El fútbol es, en no pocas ocasiones, tremendamente caprichoso. Ayer, pese a que nadie lo deseaba y a que existía un pírrico
6% de posibilidades, el bombo emparejó a
Villarreal y
Sevilla. La eliminatoria será especial porque
España se quedará con un solo representante en la
Europa League, por tratarse de dos equipos de un rendimiento casi gemelo que se conocen a la perfección y que se enfrentarán tres veces en muy pocos días; por contar los castellonenses con un 'crack',
Cheryshev, que no pasó de paquete en
Nervión; y, sobre todo, por estar dirigidos por
Marcelino García Toral.
Resulta extraño, de primeras, que en un club se le guarde tanto cariño a un técnico foráneo que estuvo apenas seis meses en el cargo, que cayó con estrépito en la
ronda previa del torneo continental, ante el
Hannover, y que navegó por la
Liga con mucha más pena que gloria. Es raro. O no. En realidad, el entrañable asturiano tuvo aquí bastante más de
víctima que de
culpable. Se encontró, de súbito, con un plantel diseñado para otro entrenador (el escurridizo y 'loco'
Bielsa), no halló una respuesta a su única petición (
Gio, ese punta que arrastra a los centrales, tan determinante en su sistema), sufrió las bajas durante meses de
Kanouté y
Negredo (con lo que tuvo que jugar con
Manu del Moral muchos partidos como único punta, sin ni siquiera serlo y sin ni siquiera asomarse a la suela de los otros dos) y fue engullido por un vestuario maleducado y tragón, al que tampoco
Míchel supo enderezar y que sólo pudo sanearse mediante demolición.

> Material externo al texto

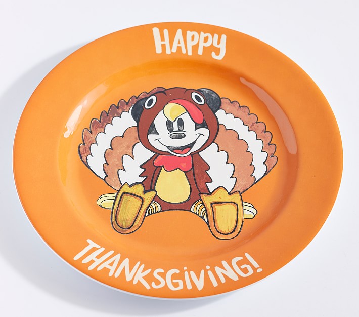 These plates can be found online at Pottery Barn Kids for $9 apiece. And since they’re kid-friendly (BONUS!) you won’t need to worry about something breaking when the family comes over for Turkey Day! Next up is this bright orange Mickey Mouse Thanksgiving charger.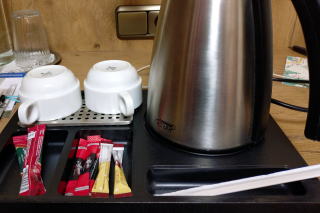 | 左:客室には電気ポットがあり、暖かいお茶やコーヒーを飲めてよかった。 右:サニタリーはコンパクトながら機能的。サウナ(写真無し)は設備が整っていました。 |

Marcelino no es sólo un notable técnico que sacó al
Villarreal del infierno para instalarlo de nuevo en la elite, donde sigue en pie aún en las tres competiciones; es, para quien ha tenido la suerte de conocerle, un
tipo sin igual e incontaminable en un mundo del fútbol tan caprichoso como turbio y traicionero.